_Try it_: Please return the lines from the one with "72783440 alte Postkarte" through the end of the listing below, word for word, with every picture left out.

_Data below_:
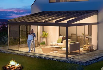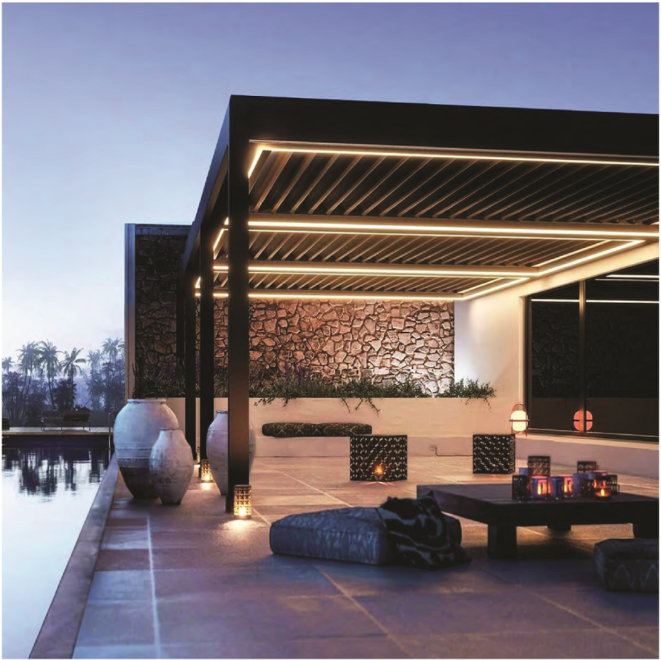 Our Pergola roof panels retract and rotate, they can be fitted with 5 different glass door designs.
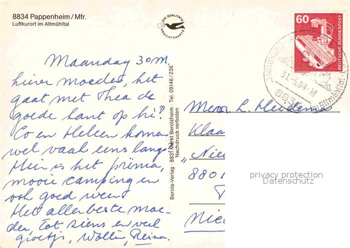 72783440 alte Postkarte Pappenheim Mittelfranken Fliegeraufnahme postalisch gelaufen Erhaltung siehe scans [WerneD78] KatCode: 11110009577158
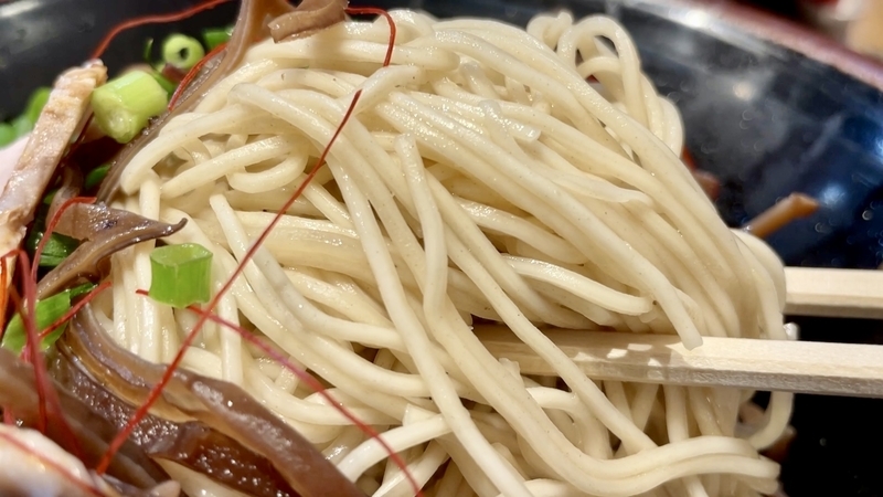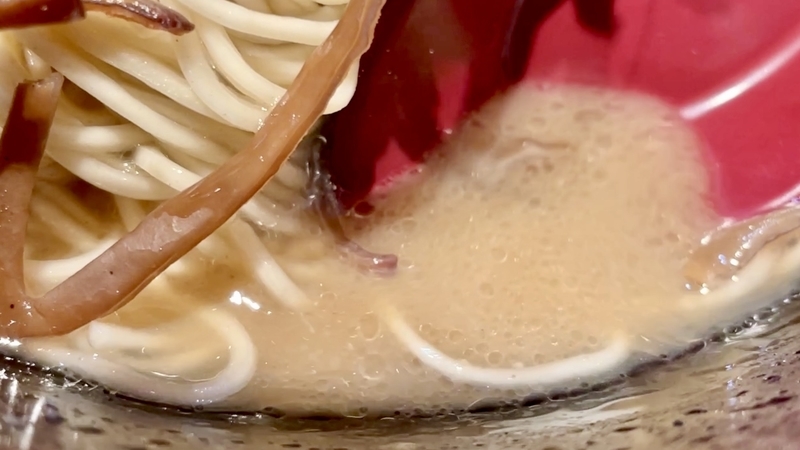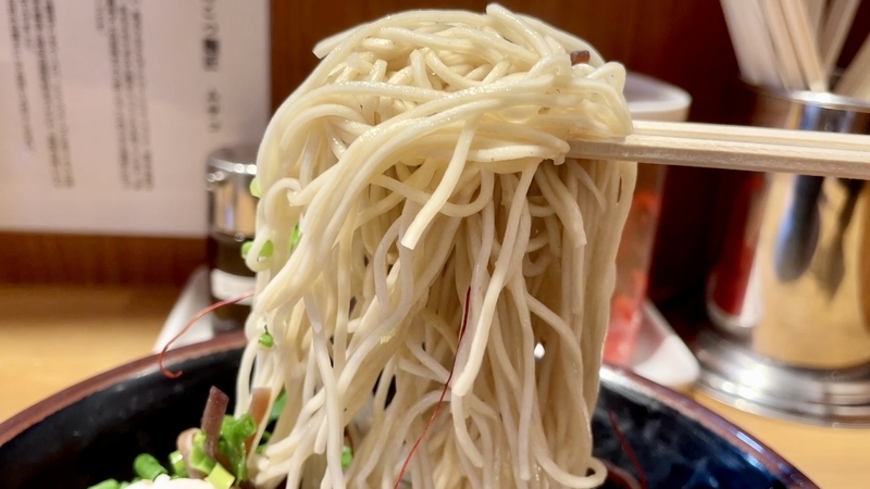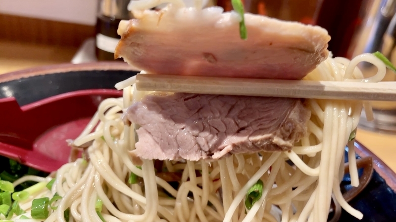 サラサラしてるのに、どこか全体的にぽったりとしているのが、こちらの豚骨スープの特徴。鶏ガラ&豚ゲンコツ&鶏モミジがよく溶けているようです。ポタポタとした感じは不思議と汁系で食らう時より少なめかも。

_Completed task_:
 72783440 alte Postkarte Pappenheim Mittelfranken Fliegeraufnahme postalisch gelaufen Erhaltung siehe scans [WerneD78] KatCode: 11110009577158
 サラサラしてるのに、どこか全体的にぽったりとしているのが、こちらの豚骨スープの特徴。鶏ガラ&豚ゲンコツ&鶏モミジがよく溶けているようです。ポタポタとした感じは不思議と汁系で食らう時より少なめかも。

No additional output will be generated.